Saturday, February 5, 2011

We need a FUNCTIONAL killswtich...

The killswitch is still ineffective. It will not pass inspection at the competition. I have no idea why on earth it still refuses to turn off. I can follow 5 feet behind it, press "OFF" or hold it in all kinds of ways until my thumb falls off, and it still does not die, even with this new switch with an antenna. This failure to stop resulted in irreparable damage to the ultrasonic range finder. (cont....)

I was testing my gps navigation code, and the robot found a path which placed it's heading directly at a curb. I was carrying my laptop in one arm and the killswitch in the other. When I realized where it was going (about 25 feet away), I started trying to kill it. I was running less than 10 feet behind it, unable to get in front to stop it, doing thumb gymnastics on the off button trying to get it to stop.
It did not.
The magnet sensor box came dislodged from the lid, and the platform continued to try moving forward. I was already mad that the killswitch failed and i would have to hot glue the compass back on, but when I saw what happened to the sonar sensor, I broke. I assumed the killswitch I recieved to put in the platform was a failsafe to prevent this sort of thing.
It was not.
Forgive me if I sound bitter and pessimistic, but right now I'm so mad at myself, I feel like Budd Dwyer:

We need a killswitch that doesn't rely on a signal to turn off, but instead, one that relies on a signal to stay on.
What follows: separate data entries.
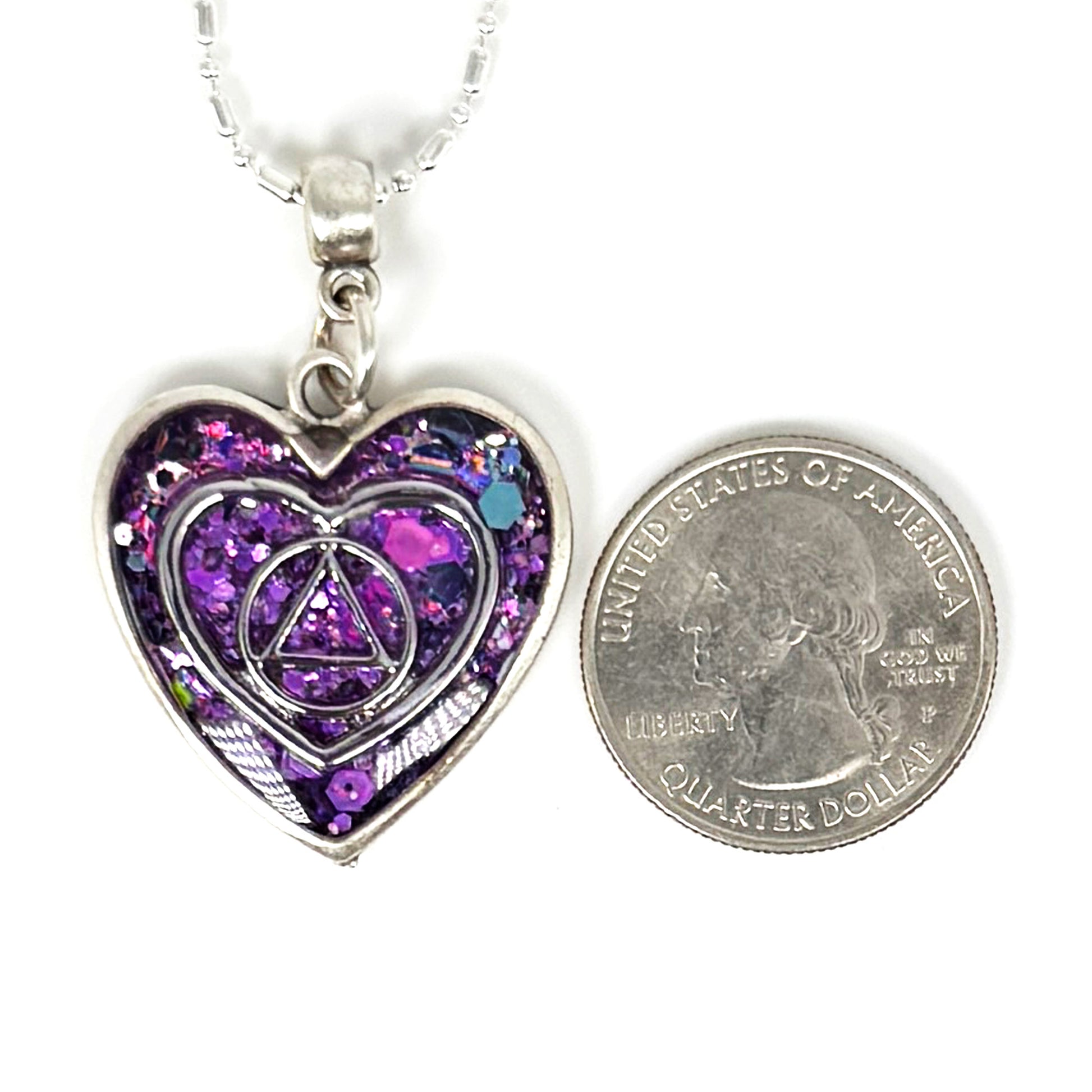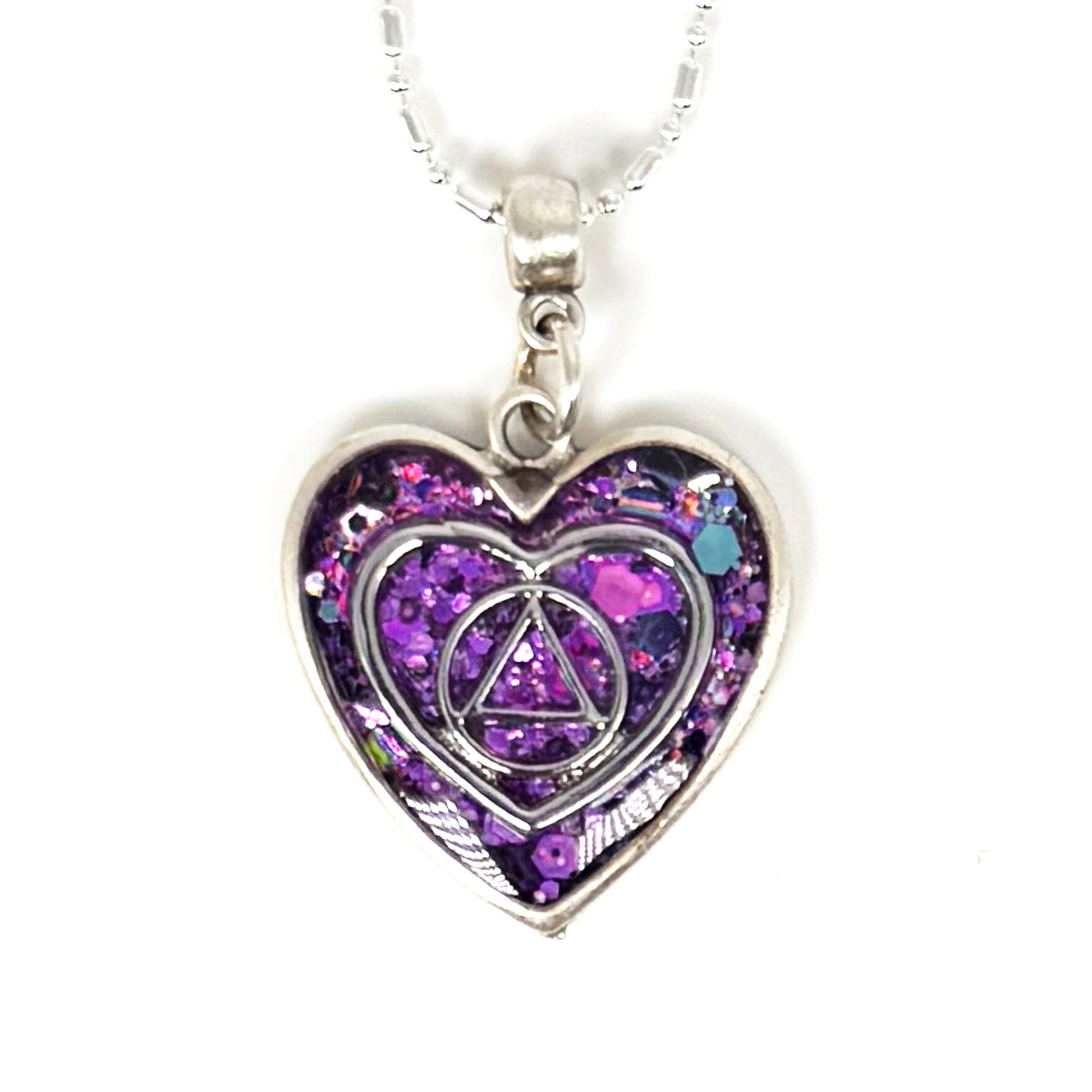 My One of a Kind Hand Painted Resin Sobriety Pendants are Unique, Handcrafted pieces of jewelry designed to symbolize and celebrate your journey in recovery. I incorporate many symbols in my work such as hearts. Hearts represent “My Heart is in Recovery” Each pendant comes with a 18” silver plated chain
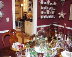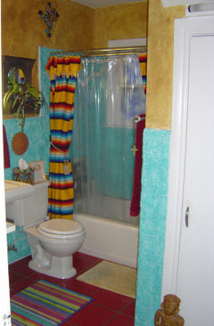 I already have my livingroom posted ( It's old avocado green and the windowwall is burgadise) so I'll go on with the master bedroom. It's a light orchid on the top and creamy white on the bottom. This makes it much lighter. The guest room is a nice Jade green, the "Office" is tawny gold. The hall is the same old green of the livingroom with the color LightCoffee of the kitchen rag rolled over it. This gives a apparence of old flocked wallpaper. My niece that I claim as my third daughter did an excellent job.....As I already gave the colors of the kitchen I'll just tell you that the one wall has a marbled affect that I did with mixing a brown paint with GLAZE and then the Antique gold paint that I painted the back hall. I first washed the already painted light coffee wallwith the brown mix then after it dried I used the gold mix. Then finished it using a feather line here & there with plain gold. The bath room is very small and one whole wall is a three mirrored medicine cabinet that was already here, and the wall across from that is the tub/shower combo all while. Plus a small window on the wall between, so I went very bold and painted the walls the same Burgandaize color of the one livingroom wall.I think it'sstill ligt enough with all the white already in there. Thank Heaven for HGTV. I hope I haven't bored you too much.
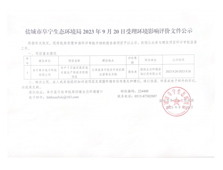 盐城市阜宁生态环境局2023年9月20日受理环境影响评价文件公示
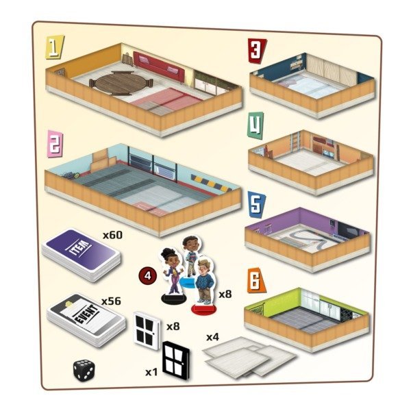 Cada misión cuenta con una configuración de casa distinta, que tendremos que construir mediante las distintas cajas-habitaciones y las puertas de madera. ¡La casa tendrá una dimensión real en nuestro tablero de juego! Cada uno de los jugadores representará a uno de los miembros de la familia. En su turno tendrá que gastar puntos de acción para recoger objetos de las habitaciones y llevarlos a los lugares que corresponda para conseguir el objetivo de la misión. ¿Seréis capaces de sacar todos los trastos de las habitaciones y llevarlos a la buhardilla antes de que os abduzcan los aliens? ¿Podréis ayudar a Santa Claus a cargar todos los regalos en el trineo que tiene aparcado en vuestro garaje?
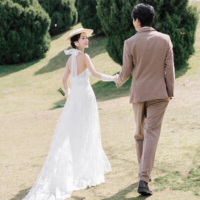 韓国新作追加!!! 結婚式 ドレス ワンピース フレンチレース ウエディングドレス フィッシュテールスカート 花嫁 披露宴 二次会 謝恩会 発表会 演奏会 女子会
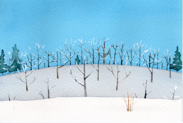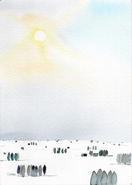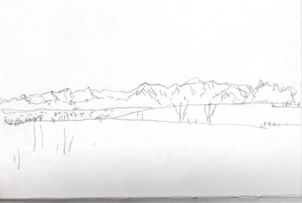 このところ晴天が多いです。ランニング中にとてもきれいな山並みが見えたので、後で車で同じ場所に行ってスケッチしました。
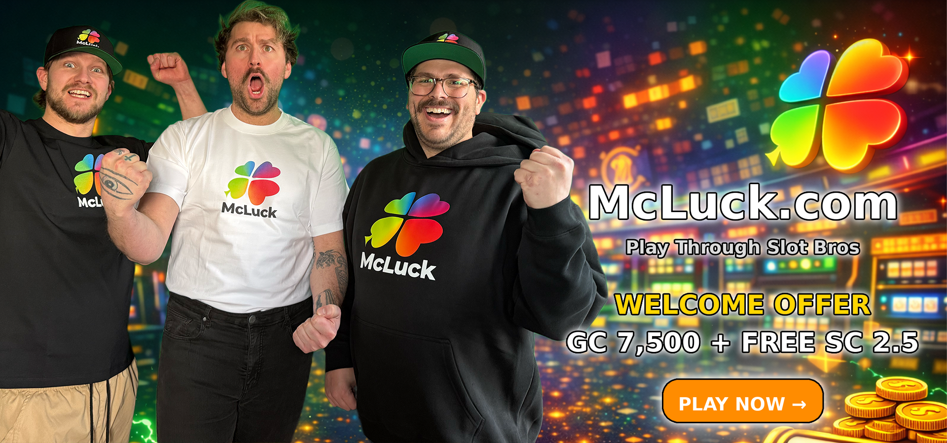 Visit McLuck through our Slot Bros partner page to view the welcome offers here first and then continue to the site.
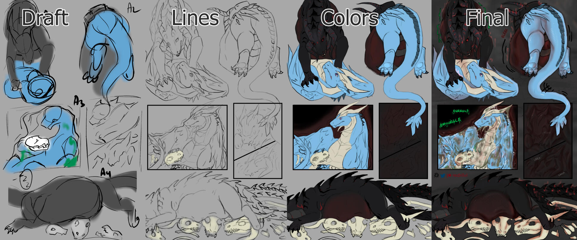 4. I don't draw: endo, no bulges (round bellies), goo/soft digestion, lewd prey, co-hunting with other pred character in any form.
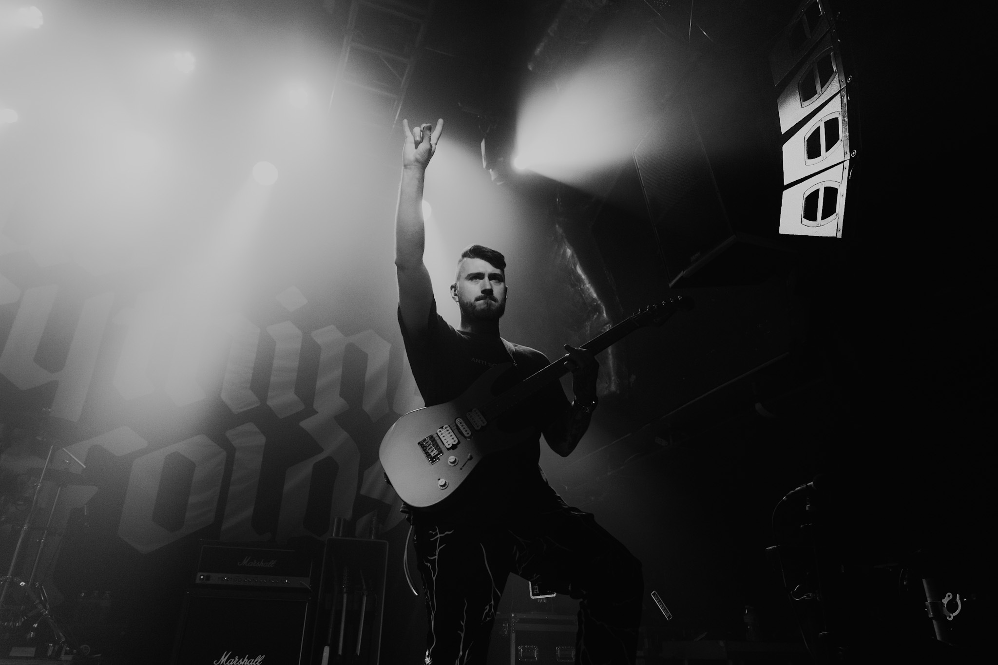 Deafening cheers ricochet the venue’s walls as the lights go down for AS EVERYTHING UNFOLDS who file out onto the Islington Academy’s main stage. Title track, Ultraviolet opens the band’s explosive set – a worthy opener for this era. Charlie Rolfe announces her unfortunate struggle with laryngitis but nevertheless delivers a spine-tingling performance as the powerhouse vocalist she is rightfully known for. With Ultraviolet tracks at the forefront, the band take London by storm and deliver an energetic performance that is nothing short of excellent.

If the platform fails to receive remote signal it needs to die right then and there.
The strange thing is that I can turn on and off the relay from like 20 ft away 100% of the time if the platform is stationary, but not when it's in motion.
Oh and i know for sure it's broken, because one of the SMT chips is cracked in half, and I just get a reading of 255 in hyperterminal.

1 comment:

  1. Thanks for your cheering commentary. I have ordered yet another Ultrasonic sensor (perhaps a bulk buy is in order) I have a sure fire kill switch solution. (I used it on my 80 pound robot previously.) It consists of ~20 feet of 18 gauge wire connected to a normally open switch that you must depress with your thumb in order for the bot to run. You will have to chase the robot around with this configuration, but it should be fool proof!